Who conducted this study anyway, the Grocery Manufacturers of America, the same company who’s top-dog lobbyist admitted to Morgan Spurlock (“Super Size Me”) that they’re “part of the problem”? These “studies” are hilarious sometimes…
BTW, if you haven’t seen that movie, go rent it…now
I know a lot of the movie can be seen as propaganda and I don’t buy into it that easily, but it WILL make you think about a lot of things.
P.S. hoosier, not trying to make you feel bad man, I know you were trying to make an honest, valid point. My rant is directed towards the companies who try to insult our intelligence and feed us this crap. Nor am I making an argument (to anyone else) that milk is some kind of perfect (or even good for everybody) food. But when someone tries to tell me milk is the reason kids are obese these days…[/quote]
Hey man, no insult taken, nobody here knows everything about everything.
Actually I’m going to go searching for the study now because I do remember it being from a very credible source. Also, the study was conducted not on adolecents as I had orginially stated, but on elementary aged students, where soda is usually not sold in schools and creating a franchise in elementary scools in most states is either against the law or policy (this falls true atleast in Virginia and MD, and from what I hear Indiana as well). Yes the food they serve is crap, but you’d be suprised just how much milk can add up.

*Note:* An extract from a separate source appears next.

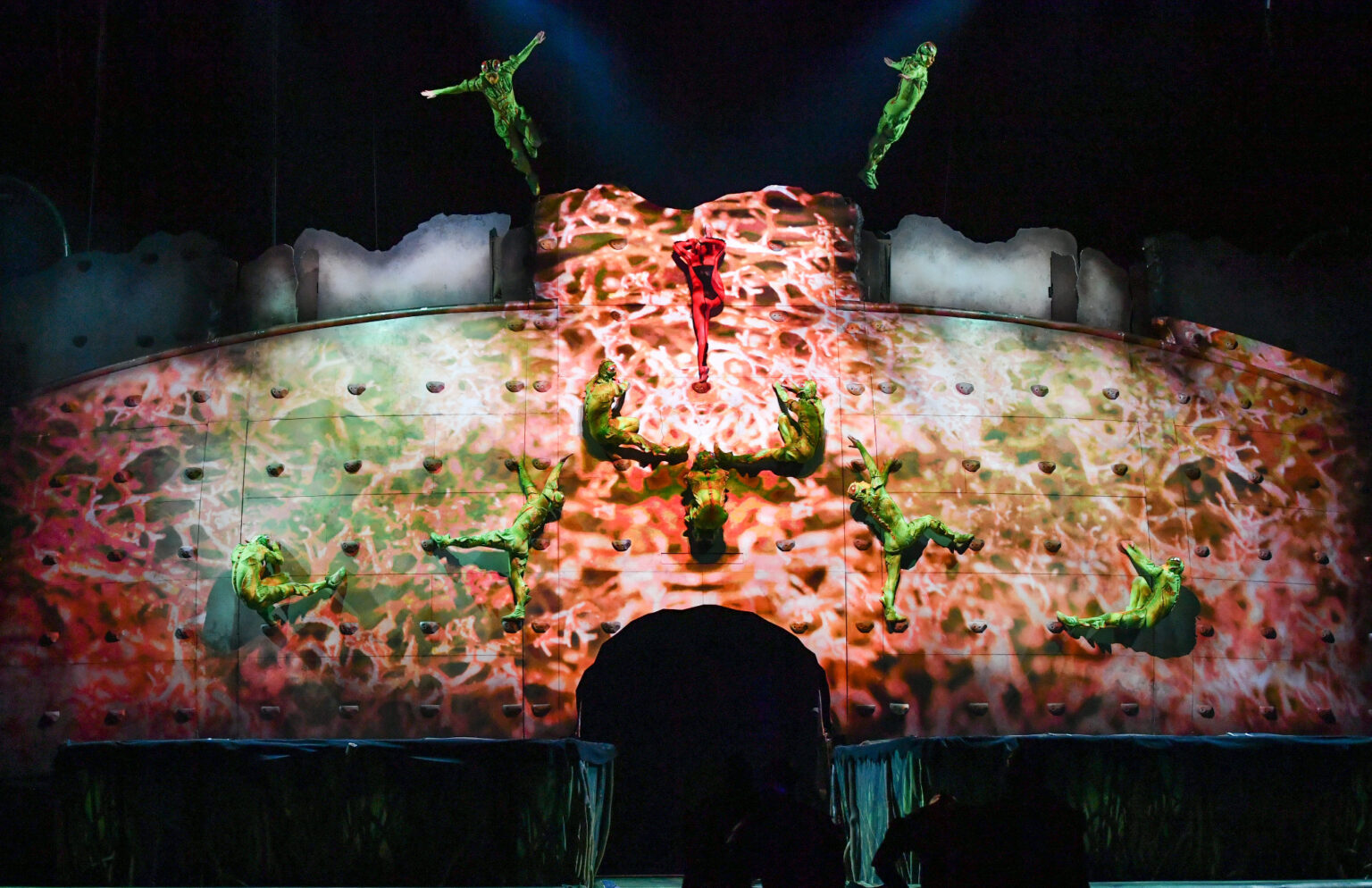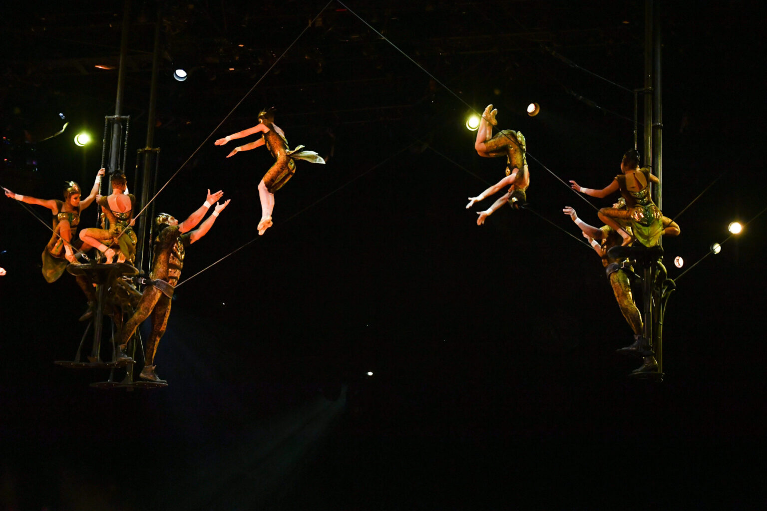 Verder zien we in het eerste deel een leuke ‘slinky act’, waarbij rekbare ledematen zich over het podium bewegen en is luchtacrobatiek aan de triple vangstoel uniek en adembenemend. Tien acrobaten vliegen een ongekend spectaculaire act bij elkaar.

But think about it. Kid eats shit cereal with 2% milk. Kid drinks maybe 2 servings of milk at lunch with crappy meal. Comes home and has a little snack right after school (lets say, oh i don’t know, cookies and milk). Another two servings during dinner. (P.S. you could also substitue milk with other sugary drinks such as juice).
Avge amount of sugar in one cup of milk 12 grams. 6-7 servings of milk in one day, roughly 72-84 grams of sugar.
This isn’t that unrealistic. Hell, this was my routine when I was in elemantary school. Most of my friends at that age drank as much if not more milk then me as well.
But going back to your point you are right, often times its as if studies and researchers are trying to point a finger at anyone BUT the parents, or the school lunches, when it is quite obvious that to curb the epedemic there needs to be more direct responsibility from the parents and the school board.
But you have to realize, assuming that the rest of a child’s nutrion is completely void of sugar (fat chance), getting 60-84 grams of sugar a day is alot for a human barely weighing in at a whopping 90 pounds.